ACLs do not add capabilities. A write share still needs the specific permission for update, validation, review, send, report, retry or reconciliation.
## Sensitive Recipient Boundary
Recipient-complete campaign JSON, message data and job detail require `recipients:read`. Recipient edits require `recipients:write`; exports require `recipients:export`; import is reserved for the dedicated recipient import/list workflow.
## Files
| Permission | Operations |
|---|---|
| `files:read` | list, search, inspect, resolve metadata |
| `files:download` | download file bytes and generated ZIP archives |
| `files:upload` | upload files and ZIP contents |
| `files:organize` | create folders, rename, move, copy and bulk rename |
| `files:share` | create/revoke file shares |
| `files:delete` | delete/hide files and folders subject to retention |
| `files:admin` | tenant-wide administration of user/group file spaces |
## Mail Servers
| Permission | Boundary |
|---|---|
| `mail_servers:read` | profile metadata and effective policy visibility |
| `mail_servers:use` | select an approved profile without reading secrets |
| `mail_servers:test` | run server-side connection tests |
| `mail_servers:write` | define/edit profiles in allowed scopes |
| `mail_servers:manage_credentials` | create/replace SMTP/IMAP secrets or campaign-level credentials where policy allows |
Reusable encrypted profiles now exist.

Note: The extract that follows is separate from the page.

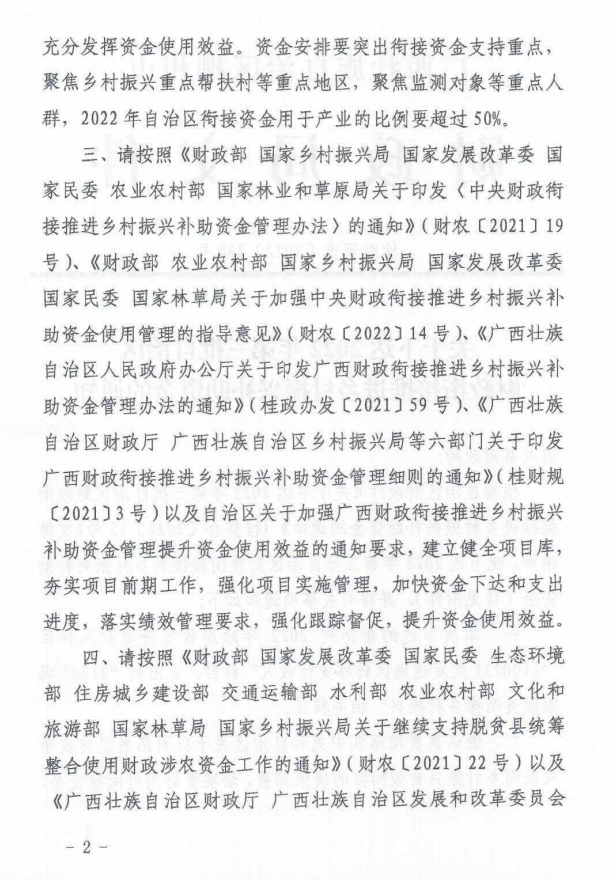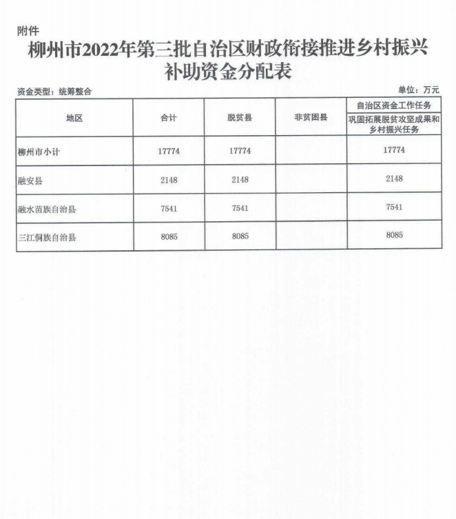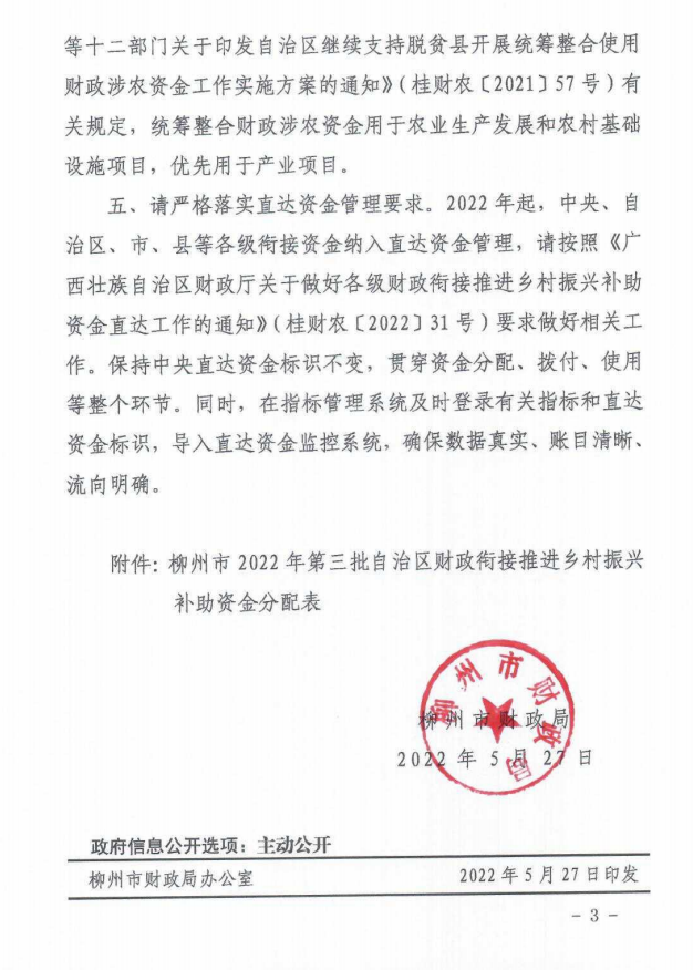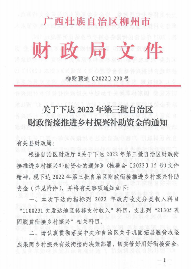 柳财预追[2022]230号关于下达2022年第三批自治区财政衔接推进乡村振兴补助资金的通知

Effective usability is also constrained by hierarchical mail-profile policy, ownership, allowed/forced profile sets, credential inheritance mode, the lower-level override switch for that mode, and allow/deny patterns.
## Sessions, API Keys and CSRF
- Browser login creates an HttpOnly session cookie and a separate readable CSRF cookie.
- Unsafe cookie-authenticated requests require matching CSRF cookie/header and stored CSRF hash.
- API keys remain supported for CLI/automation and do not use browser CSRF.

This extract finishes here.